## Data below
────────────────────────────────────────
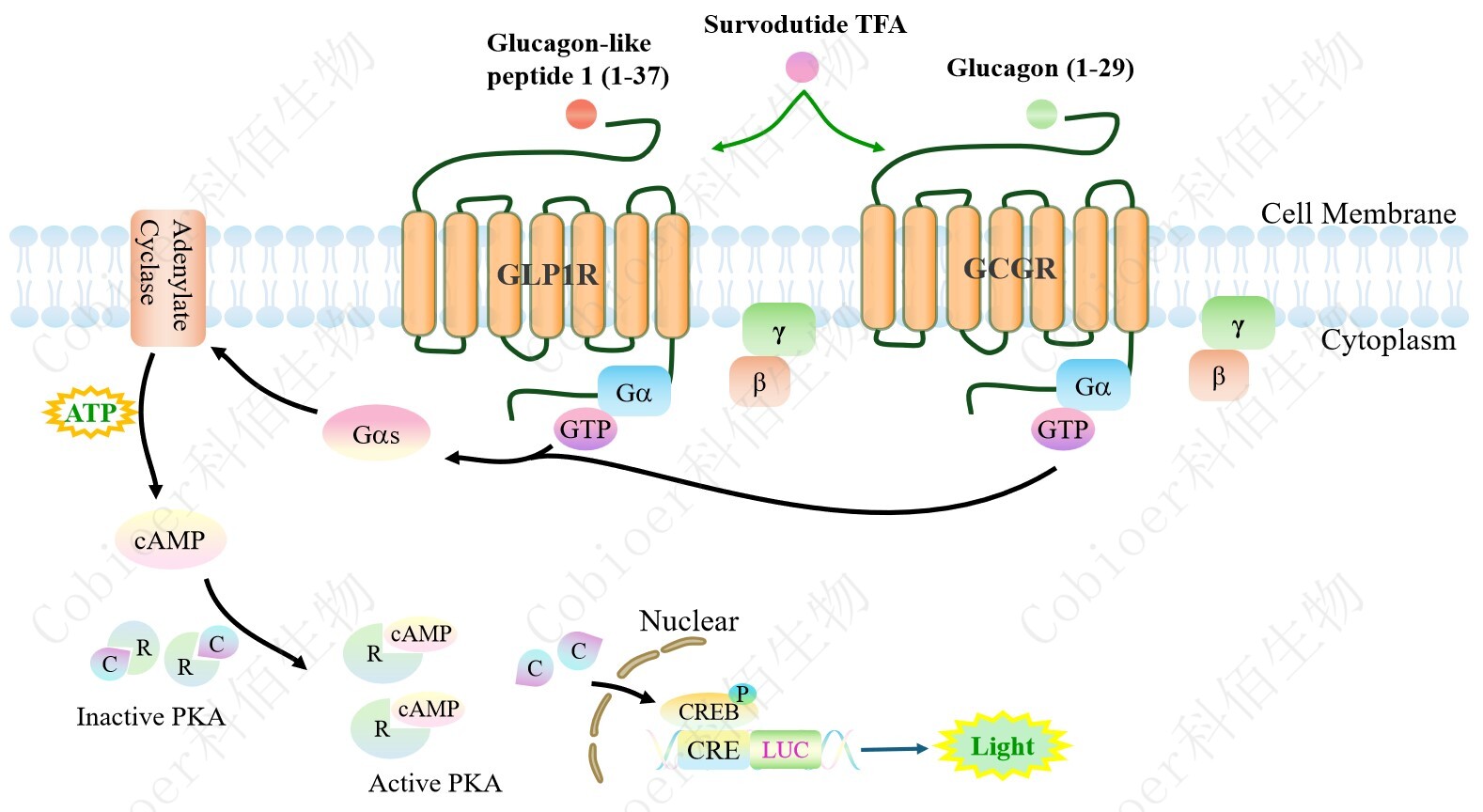 GLP1R&GCGR Dual Reporter Cell 報(bào)告基因藥靶模型很好的模擬了體內(nèi) GLP1R&GCGR 的信號(hào)轉(zhuǎn)導(dǎo)過程,原理見圖 1 所示。
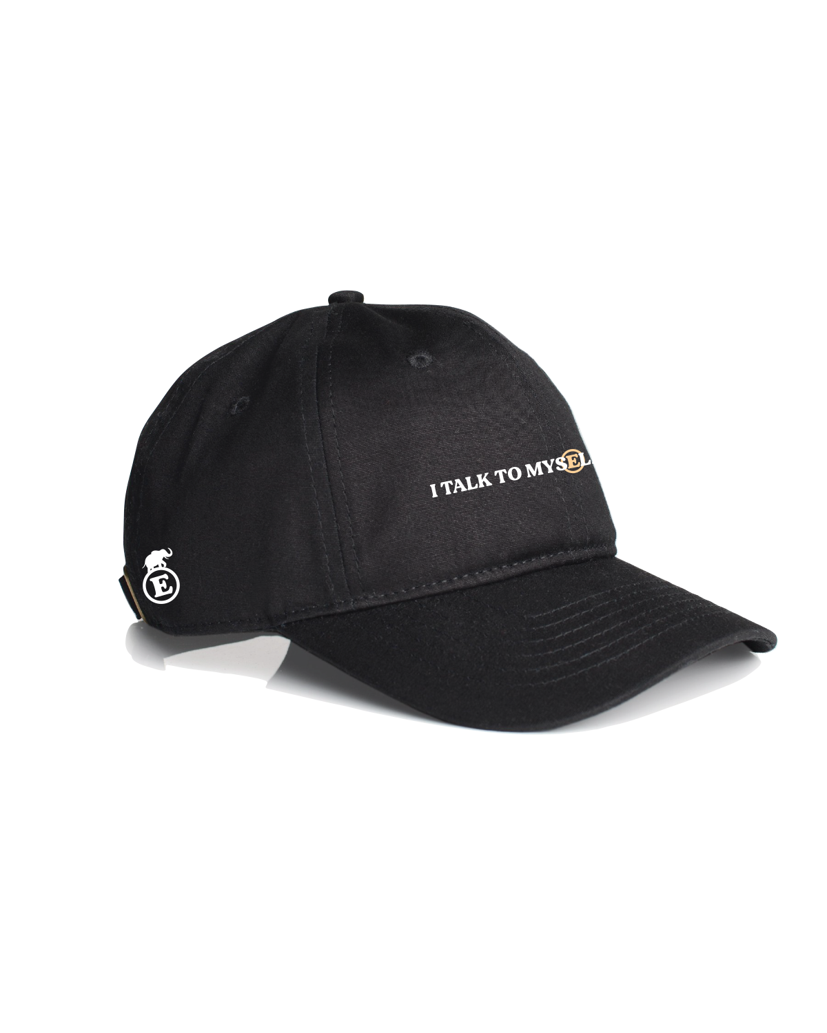 The Elspeth Dad Hat features a cotton body, black visor, black under bill, woven eyelets, and an adjustable closure. The cap is detailed with "what everyone thinks of you," embroidered across the front panel.
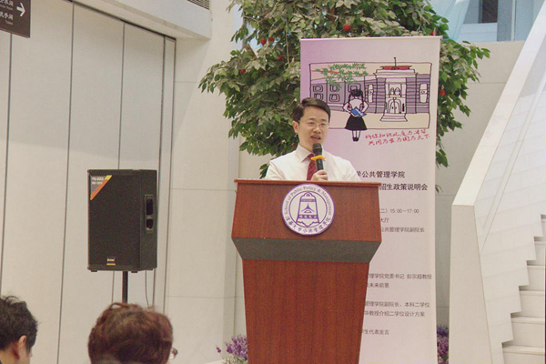 5月8日下午,清华大学公共管理学院行政管理本科第二学位招生说明会在学院大厅举行。说明会由清华公管学院副院长、二学位项目主任王亚华主持。党委书记彭宗超,党委副书记谢矜,学院教师代表于永达、张楠等出席。全校各院系近50名同学参与此次说明会。
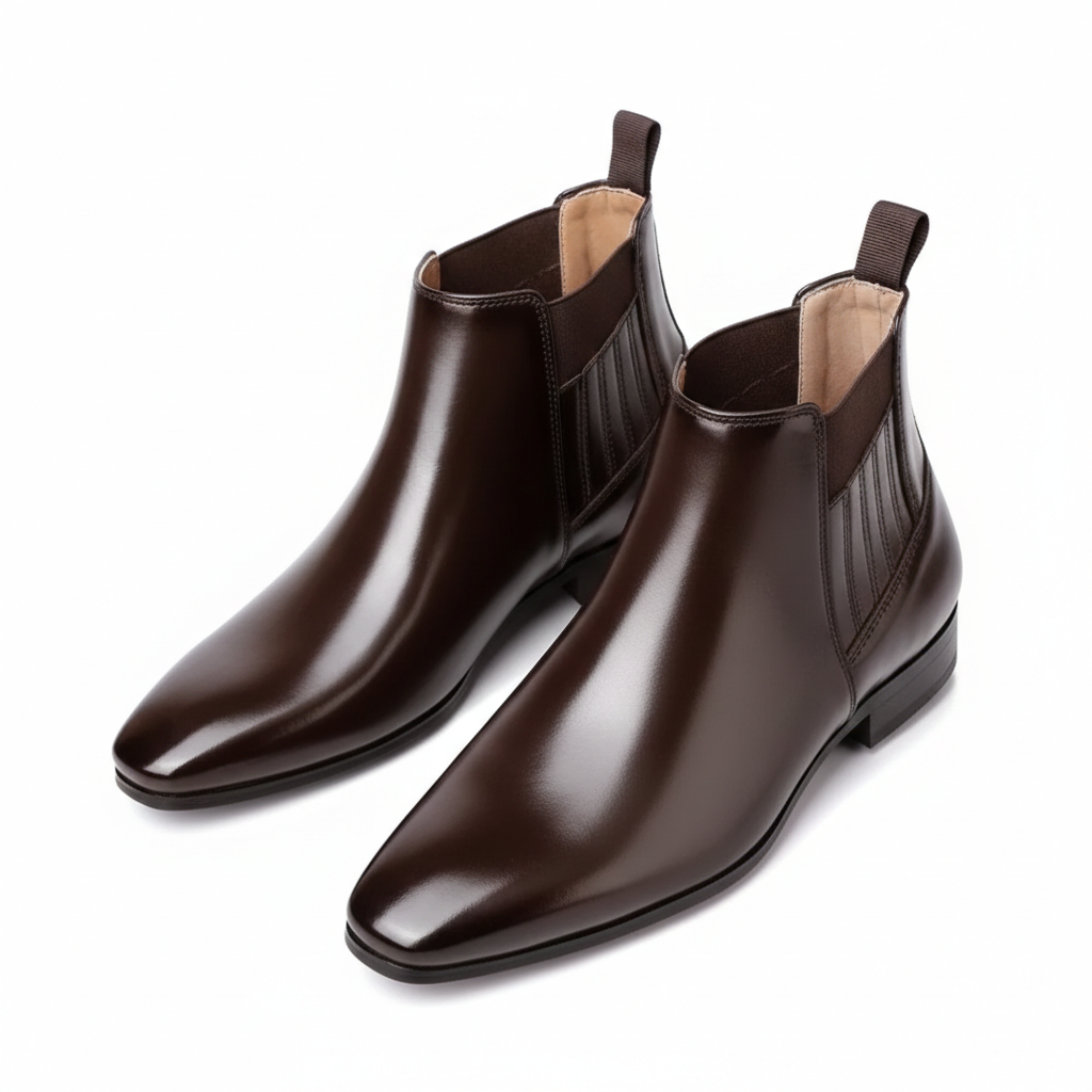 These men’s ankle boots feature a sleek pointed toe silhouette with a smooth polished finish. The side panels incorporate elastic inserts for a streamlined look, complemented by a rear pull tab for easy wear. A low stacked heel and structured outsole complete the refined profile, making them suited to formal and smart styling.
────────────────────────────────────────
Extract, word for word, every line from the one containing "The Elspeth Dad" to the end of the data above, both ends included, and leave out the pictures.

 The Elspeth Dad Hat features a cotton body, black visor, black under bill, woven eyelets, and an adjustable closure. The cap is detailed with "what everyone thinks of you," embroidered across the front panel.
 5月8日下午,清华大学公共管理学院行政管理本科第二学位招生说明会在学院大厅举行。说明会由清华公管学院副院长、二学位项目主任王亚华主持。党委书记彭宗超,党委副书记谢矜,学院教师代表于永达、张楠等出席。全校各院系近50名同学参与此次说明会。
 These men’s ankle boots feature a sleek pointed toe silhouette with a smooth polished finish. The side panels incorporate elastic inserts for a streamlined look, complemented by a rear pull tab for easy wear. A low stacked heel and structured outsole complete the refined profile, making them suited to formal and smart styling.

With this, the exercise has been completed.